3:1 remembrance. See also II Peter 1:13. It is easy to forget the more important truths when we are being bombarded continuously by the trivial.

3:2 words which were spoken. Peter would remind us here again of “the more sure word of prophecy” to which we should “take heed” (II Peter 1:19). The words “spoken before by the holy prophets” are simply the Old Testament Scriptures.

3:2 commandment of us. The teachings of “the apostles of the Lord and Saviour” were largely known by verbal transition to the churches of Peter’s day, although they probably had seen some of Paul’s epistles (note II Peter 3:15,16) and possibly also had access to Mark’s gospel account (note I Peter 5:13). In any case, these have all now been collected and recognized as the New Testament Scriptures. Peter is, therefore, urging us to stir up our minds by both the Old Testament and New Testament Scriptures, for this will be more and more important as the world’s rebellion against God intensifies and the coming of the Lord draws near. This very same theme was emphasized by Paul in his last epistle, just before his death, especially in his own closing exhortations (II Timothy 2–4).

3:3 first. “First” means “First of all,” or “of primary importance.” Compare II Peter 1:20. It is vitally important both to understand this key characteristic of the last days (that is, the denial of both creation and consummation), and also to know and practice the divinely inspired Scriptures.

3:3 last days. The context here is set in the last days. Although we must not set dates, these aspects of the last days are surely more characteristic of our own times than any time before us. At least, we are closer to the last days than anyone has ever been before! Thus Peter’s exhortation and analysis surely fits us better than anyone before us.

3:3 their own lusts. People of the last days, by and large, will be almost entirely motivated by self-interest, and will be unconcerned about God’s purposes, either for themselves or for the world as a whole. They will mock God’s Word. This word is used thirteen times in the New Testament, twelve of which speak of mocking Christ.

3:4 the promise of his coming. In Peter’s time, the early Christians were really looking for the Lord’s return, and there have been sporadic periods of prophetic interest in the nineteen long centuries since. The far greater part of the world’s population, however, is utterly indifferent to this hope, and even most of those who are working for global change today are working to bring in a world system based on evolutionary humanism rather than looking for God to return to His creation. In fact, most of the world’s people do not even believe in a personal Creator God at all, let alone His divine incarnation in Christ and His great plan of salvation. They are too busy “walking after their own lusts.”

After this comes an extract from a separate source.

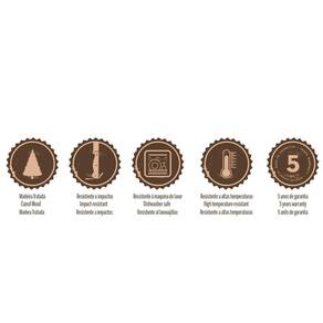 Lâminas de aço inox. As lâminas das facas têm maior durabilidade do fio devido ao tratamento térmico. As lâminas dos garfos contam com maior espessura e uma estampagem do aço que garante maior resistência, evitando deformações. Os cabos de madeira tratada Polywood são resistentes à impactos e alta temperaturas garantindo maior resistência e durabilidade. Rebites de alumínio. Podem ir à máquina de lavar louças facilitando seu dia a dia.

3:4 beginning of the creation. The pseudo-scientific rationale for this indifference to the promised consummation of all things when Christ returns is their belief that there was never any real creation of all things in the beginning. The things that continue today, they say, are the things that have always been, and therefore always will be. This is the so-called principle of uniformity. According to this principle, it is assumed that the processes that govern nature today have always been the same in the past, so that the present is the key to the past. Since no creation is occurring today, it never happened in the past either. “All things continue”—not just after creation was finished, but “from the beginning of creation.” Thus, what people have called “creation” was accomplished by the same natural processes that continue to operate today. This means, then, that “creation” has been proceeding so slowly over long ages as to be quite unobservable in the mere few thousand years of human records. This remarkable belief is evolutionary uniformitarianism, and it completely dominates the scientific and educational establishments of every nation in the world today. It has been made the basic premise of origins and meaning, not only in science and history, but also in the social sciences, the humanities, the fine arts and practically every other discipline of study and practice in the world. This indeed is a most remarkable fulfillment of Peter’s prophecy, and surely must indicate that these days really are “the last days,” unless somehow the Lord brings about a great revival of truth in the world’s schools.